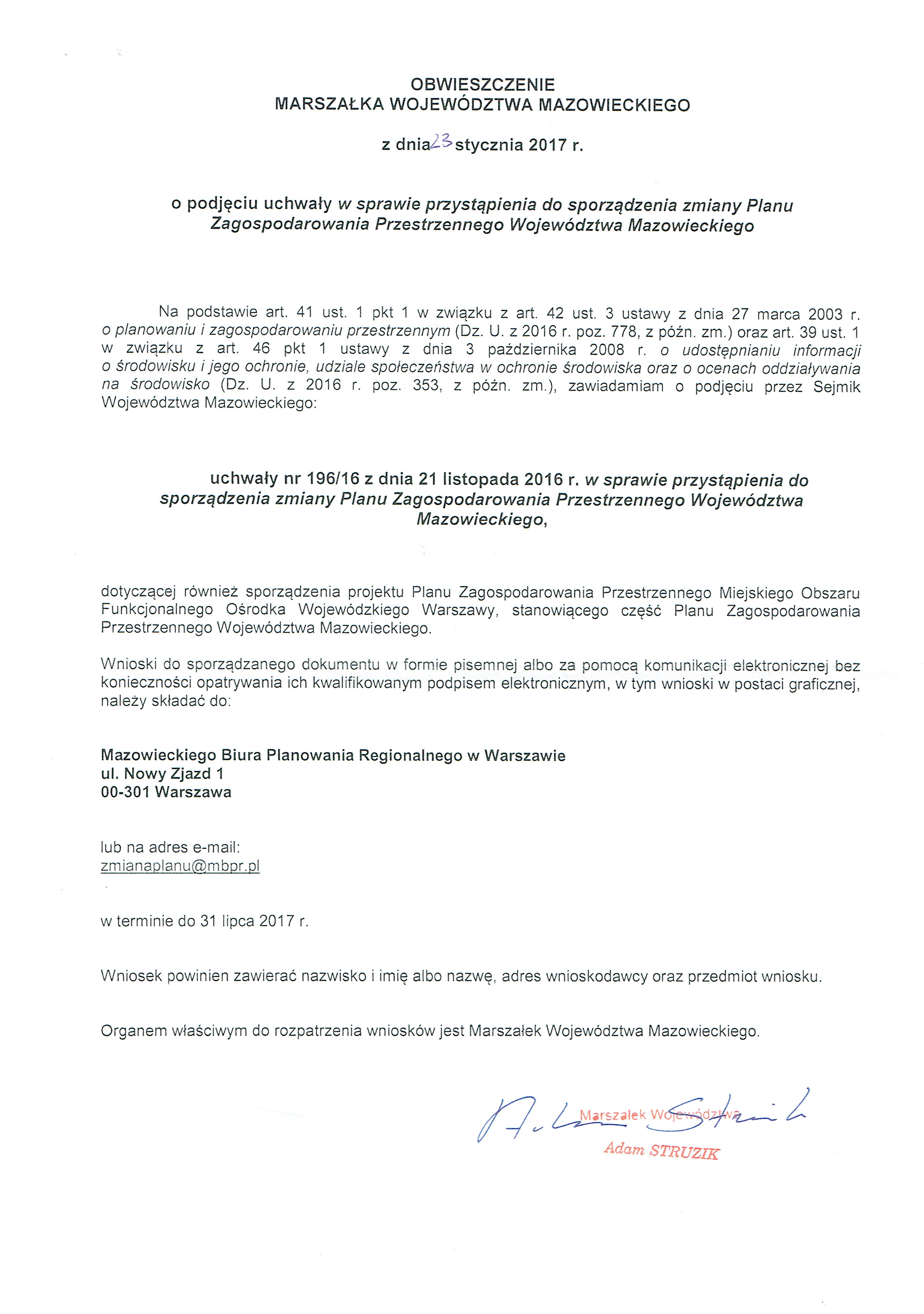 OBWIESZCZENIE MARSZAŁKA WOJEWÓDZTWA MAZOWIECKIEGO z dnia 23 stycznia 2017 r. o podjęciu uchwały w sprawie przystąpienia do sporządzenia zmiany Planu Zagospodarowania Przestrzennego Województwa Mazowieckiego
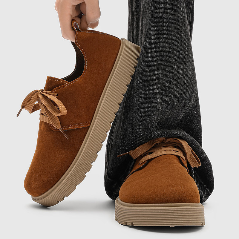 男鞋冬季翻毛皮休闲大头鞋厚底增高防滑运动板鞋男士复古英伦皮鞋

---

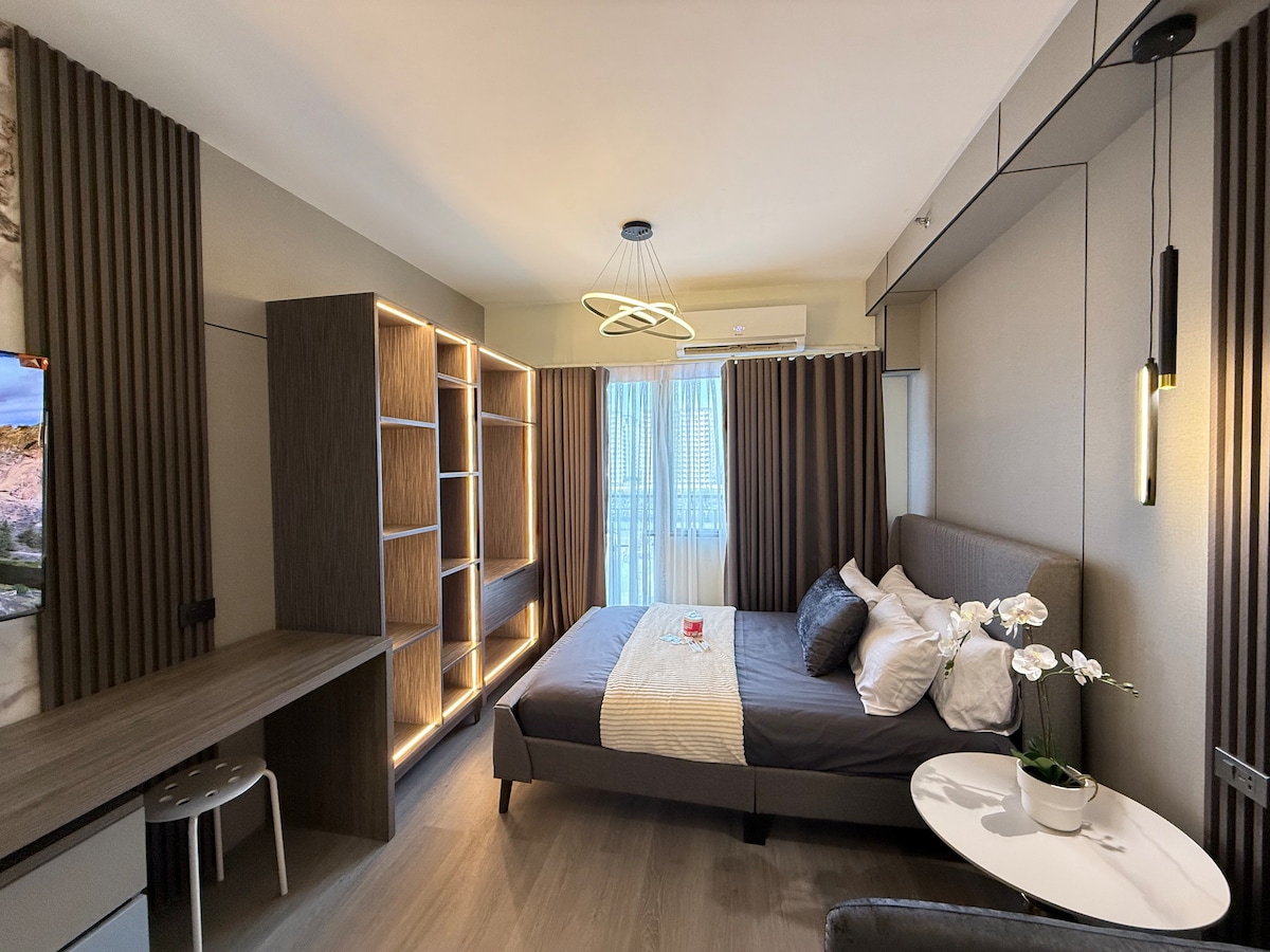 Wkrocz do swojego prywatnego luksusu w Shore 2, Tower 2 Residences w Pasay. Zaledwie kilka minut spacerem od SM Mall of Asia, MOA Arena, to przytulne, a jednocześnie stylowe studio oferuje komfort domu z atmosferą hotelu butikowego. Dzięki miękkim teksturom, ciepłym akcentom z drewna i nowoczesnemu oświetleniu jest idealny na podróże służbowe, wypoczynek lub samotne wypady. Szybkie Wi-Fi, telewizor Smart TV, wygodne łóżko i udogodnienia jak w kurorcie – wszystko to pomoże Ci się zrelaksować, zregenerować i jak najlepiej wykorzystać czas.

▸ **Task details**
In the entries above, find the line with "OBWIESZCZENIE MARSZAŁKA WOJEWÓDZTWA" and the line with "男鞋冬季翻毛皮休闲大头鞋厚底增高防滑运动板鞋男士复古英伦皮鞋". Write out exactly those two lines and every line between them, pictures excluded.

▸ **Answer section**
 OBWIESZCZENIE MARSZAŁKA WOJEWÓDZTWA MAZOWIECKIEGO z dnia 23 stycznia 2017 r. o podjęciu uchwały w sprawie przystąpienia do sporządzenia zmiany Planu Zagospodarowania Przestrzennego Województwa Mazowieckiego
 男鞋冬季翻毛皮休闲大头鞋厚底增高防滑运动板鞋男士复古英伦皮鞋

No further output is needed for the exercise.